* WHAT TO WORK ON: Find "Santiago Webajh, scientist" in the listing below, then set down only that line and each later line, unchanged, leaving out pictures.

* PROVIDED MATERIAL:
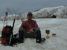 高岡4:35=登山口(6:00〜15)=1100m(7:05〜10)=1300m雪現る7:40=伊折山(7:55〜8:05)=成谷山(8:50〜9:00)=僧ヶ岳頂上(9:50〜10:10)=成谷山(10:45〜50)=伊折山付近で食事(11:00〜40)=登山口(12:40〜13:00)==高岡14:50
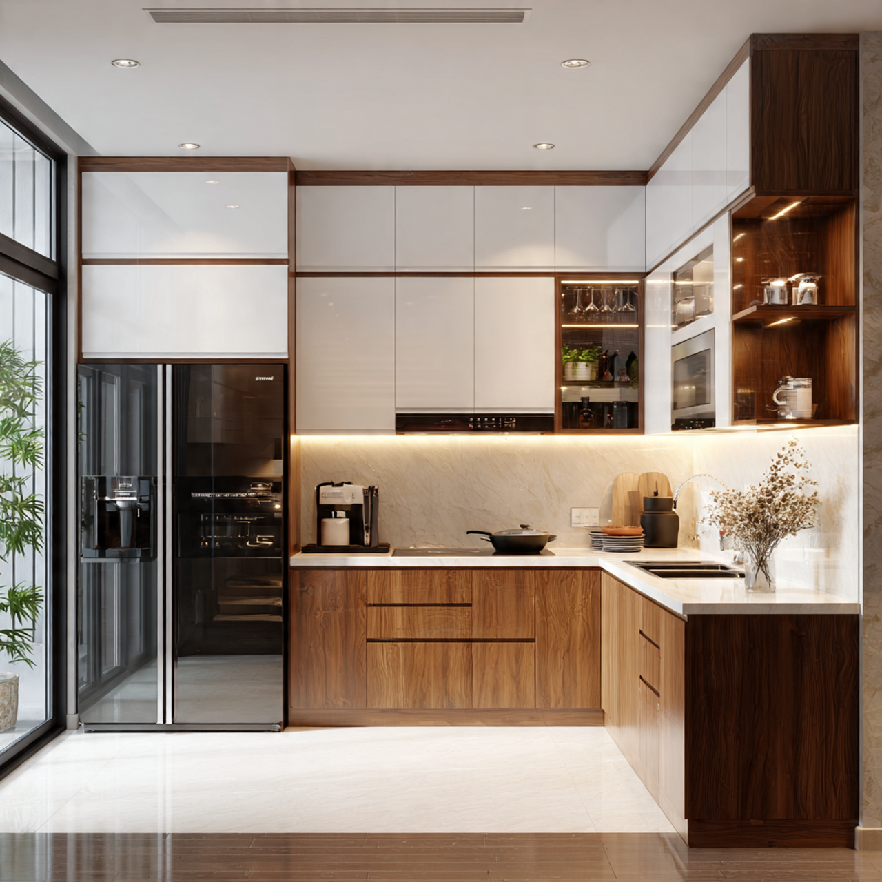 - Tủ bếp nhựa chữ L phối màu trắng – vân gỗ
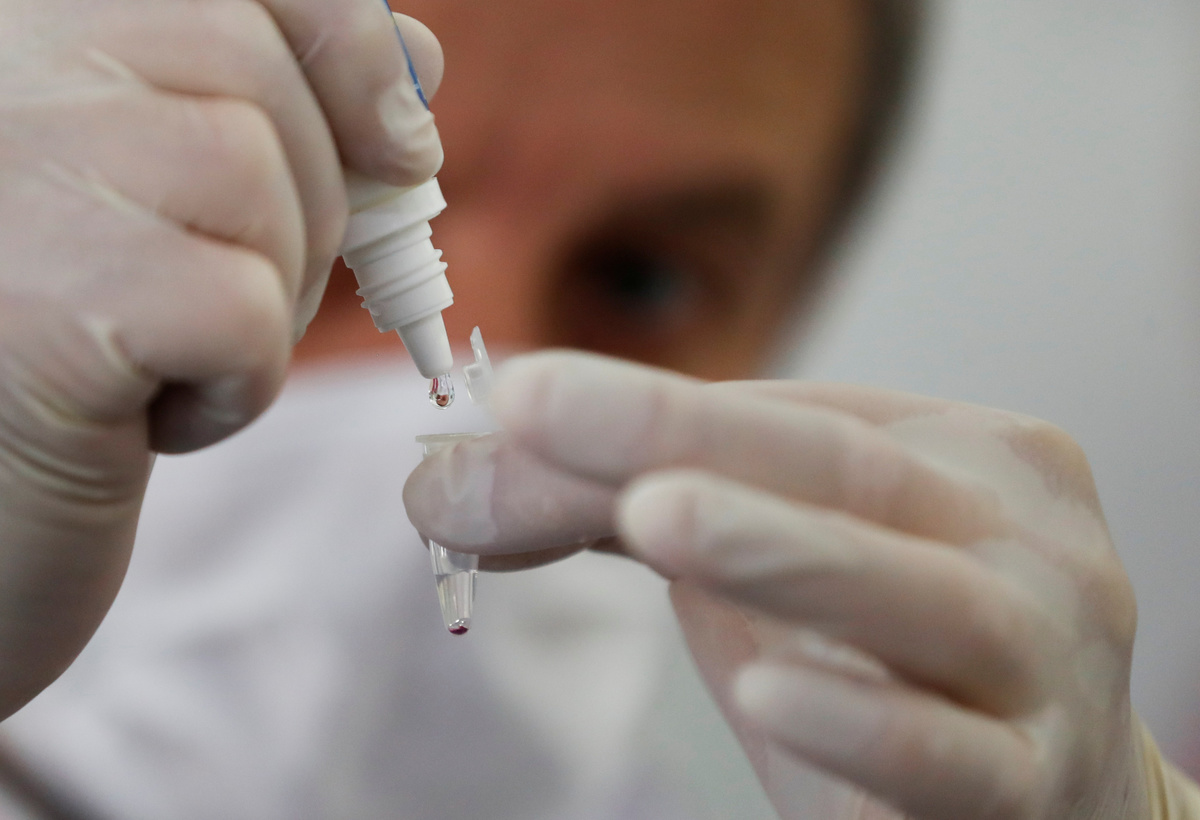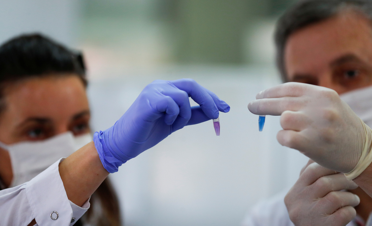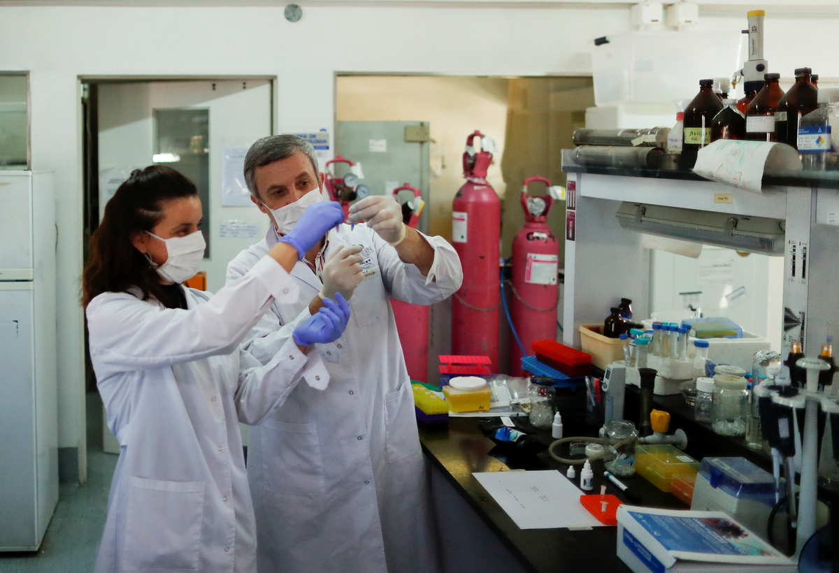 Santiago Webajh, scientist of the Pablo Cassara foundation, puts a drop of reagent in a container during a test of the new "NEOKIT-COVID-19?, developed by a group of Argentine scientists that diagnoses the coronavirus disease (COVID-19) in less than two hours, in Buenos Aires, Argentina May 19, 2020. REUTERS/Agustin Marcarian
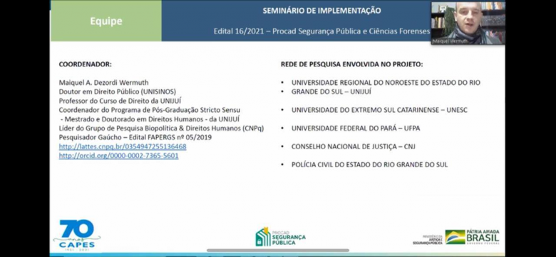 O professor Maiquel A. Dezordi Wermuth, do Programa de Pós-Graduação em Direito da Unijuí, participou, na última semana, do Seminário de Implantação do Programa de Cooperação Acadêmica (Procad), financiado pela Coordenação de Aperfeiçoamento de Pessoal de Nível Superior (Capes), na área de Segurança Pública e Ciências Forenses (Edital nº 16/2020).

* WRITTEN REPLY:
 Santiago Webajh, scientist of the Pablo Cassara foundation, puts a drop of reagent in a container during a test of the new "NEOKIT-COVID-19?, developed by a group of Argentine scientists that diagnoses the coronavirus disease (COVID-19) in less than two hours, in Buenos Aires, Argentina May 19, 2020. REUTERS/Agustin Marcarian
 O professor Maiquel A. Dezordi Wermuth, do Programa de Pós-Graduação em Direito da Unijuí, participou, na última semana, do Seminário de Implantação do Programa de Cooperação Acadêmica (Procad), financiado pela Coordenação de Aperfeiçoamento de Pessoal de Nível Superior (Capes), na área de Segurança Pública e Ciências Forenses (Edital nº 16/2020).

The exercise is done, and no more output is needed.